> [PROBLEM DESCRIPTION] Every entry below needs to be copied exactly.

[Extracted data entries]
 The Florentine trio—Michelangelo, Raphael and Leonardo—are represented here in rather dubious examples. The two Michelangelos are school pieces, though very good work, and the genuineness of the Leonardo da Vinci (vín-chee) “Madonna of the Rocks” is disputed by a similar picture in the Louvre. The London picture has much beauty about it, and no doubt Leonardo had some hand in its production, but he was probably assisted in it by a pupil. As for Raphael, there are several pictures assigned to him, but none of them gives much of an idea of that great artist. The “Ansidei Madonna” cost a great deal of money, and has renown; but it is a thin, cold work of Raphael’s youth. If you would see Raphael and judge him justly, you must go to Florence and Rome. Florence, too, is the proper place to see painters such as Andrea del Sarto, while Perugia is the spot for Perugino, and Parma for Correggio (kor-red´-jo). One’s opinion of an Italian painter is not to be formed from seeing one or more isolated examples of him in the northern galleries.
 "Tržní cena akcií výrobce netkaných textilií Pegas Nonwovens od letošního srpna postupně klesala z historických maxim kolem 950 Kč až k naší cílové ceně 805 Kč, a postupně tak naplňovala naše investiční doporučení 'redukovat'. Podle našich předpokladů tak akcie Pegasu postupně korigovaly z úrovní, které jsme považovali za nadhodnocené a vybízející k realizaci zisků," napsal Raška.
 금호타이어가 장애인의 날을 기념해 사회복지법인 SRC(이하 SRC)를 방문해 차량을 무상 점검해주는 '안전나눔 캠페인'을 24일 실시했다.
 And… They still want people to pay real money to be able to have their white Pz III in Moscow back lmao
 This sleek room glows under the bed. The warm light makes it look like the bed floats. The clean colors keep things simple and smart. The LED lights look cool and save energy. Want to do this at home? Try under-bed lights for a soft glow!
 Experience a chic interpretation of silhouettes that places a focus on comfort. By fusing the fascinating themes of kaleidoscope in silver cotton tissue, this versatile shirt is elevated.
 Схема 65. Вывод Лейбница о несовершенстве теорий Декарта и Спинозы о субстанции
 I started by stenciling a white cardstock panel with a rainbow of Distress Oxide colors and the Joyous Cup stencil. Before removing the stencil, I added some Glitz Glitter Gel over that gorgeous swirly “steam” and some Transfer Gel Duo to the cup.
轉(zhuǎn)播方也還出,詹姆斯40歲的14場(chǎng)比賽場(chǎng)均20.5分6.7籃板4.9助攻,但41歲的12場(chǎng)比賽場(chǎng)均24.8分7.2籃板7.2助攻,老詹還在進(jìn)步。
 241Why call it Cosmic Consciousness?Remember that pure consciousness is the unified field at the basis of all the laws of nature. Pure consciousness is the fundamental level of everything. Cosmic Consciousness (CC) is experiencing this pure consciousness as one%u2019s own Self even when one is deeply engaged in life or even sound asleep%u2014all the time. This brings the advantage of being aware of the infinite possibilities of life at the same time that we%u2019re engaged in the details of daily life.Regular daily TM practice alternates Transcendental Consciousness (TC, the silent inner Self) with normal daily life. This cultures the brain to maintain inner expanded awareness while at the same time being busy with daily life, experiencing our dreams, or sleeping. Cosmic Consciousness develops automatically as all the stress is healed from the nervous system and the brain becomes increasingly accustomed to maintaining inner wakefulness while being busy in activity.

> [ANSWER]
 The Florentine trio—Michelangelo, Raphael and Leonardo—are represented here in rather dubious examples. The two Michelangelos are school pieces, though very good work, and the genuineness of the Leonardo da Vinci (vín-chee) “Madonna of the Rocks” is disputed by a similar picture in the Louvre. The London picture has much beauty about it, and no doubt Leonardo had some hand in its production, but he was probably assisted in it by a pupil. As for Raphael, there are several pictures assigned to him, but none of them gives much of an idea of that great artist. The “Ansidei Madonna” cost a great deal of money, and has renown; but it is a thin, cold work of Raphael’s youth. If you would see Raphael and judge him justly, you must go to Florence and Rome. Florence, too, is the proper place to see painters such as Andrea del Sarto, while Perugia is the spot for Perugino, and Parma for Correggio (kor-red´-jo). One’s opinion of an Italian painter is not to be formed from seeing one or more isolated examples of him in the northern galleries.
 "Tržní cena akcií výrobce netkaných textilií Pegas Nonwovens od letošního srpna postupně klesala z historických maxim kolem 950 Kč až k naší cílové ceně 805 Kč, a postupně tak naplňovala naše investiční doporučení 'redukovat'. Podle našich předpokladů tak akcie Pegasu postupně korigovaly z úrovní, které jsme považovali za nadhodnocené a vybízející k realizaci zisků," napsal Raška.
 금호타이어가 장애인의 날을 기념해 사회복지법인 SRC(이하 SRC)를 방문해 차량을 무상 점검해주는 '안전나눔 캠페인'을 24일 실시했다.
 And… They still want people to pay real money to be able to have their white Pz III in Moscow back lmao
 This sleek room glows under the bed. The warm light makes it look like the bed floats. The clean colors keep things simple and smart. The LED lights look cool and save energy. Want to do this at home? Try under-bed lights for a soft glow!
 Experience a chic interpretation of silhouettes that places a focus on comfort. By fusing the fascinating themes of kaleidoscope in silver cotton tissue, this versatile shirt is elevated.
 Схема 65. Вывод Лейбница о несовершенстве теорий Декарта и Спинозы о субстанции
 I started by stenciling a white cardstock panel with a rainbow of Distress Oxide colors and the Joyous Cup stencil. Before removing the stencil, I added some Glitz Glitter Gel over that gorgeous swirly “steam” and some Transfer Gel Duo to the cup.
轉(zhuǎn)播方也還出,詹姆斯40歲的14場(chǎng)比賽場(chǎng)均20.5分6.7籃板4.9助攻,但41歲的12場(chǎng)比賽場(chǎng)均24.8分7.2籃板7.2助攻,老詹還在進(jìn)步。
 241Why call it Cosmic Consciousness?Remember that pure consciousness is the unified field at the basis of all the laws of nature. Pure consciousness is the fundamental level of everything. Cosmic Consciousness (CC) is experiencing this pure consciousness as one%u2019s own Self even when one is deeply engaged in life or even sound asleep%u2014all the time. This brings the advantage of being aware of the infinite possibilities of life at the same time that we%u2019re engaged in the details of daily life.Regular daily TM practice alternates Transcendental Consciousness (TC, the silent inner Self) with normal daily life. This cultures the brain to maintain inner expanded awareness while at the same time being busy with daily life, experiencing our dreams, or sleeping. Cosmic Consciousness develops automatically as all the stress is healed from the nervous system and the brain becomes increasingly accustomed to maintaining inner wakefulness while being busy in activity.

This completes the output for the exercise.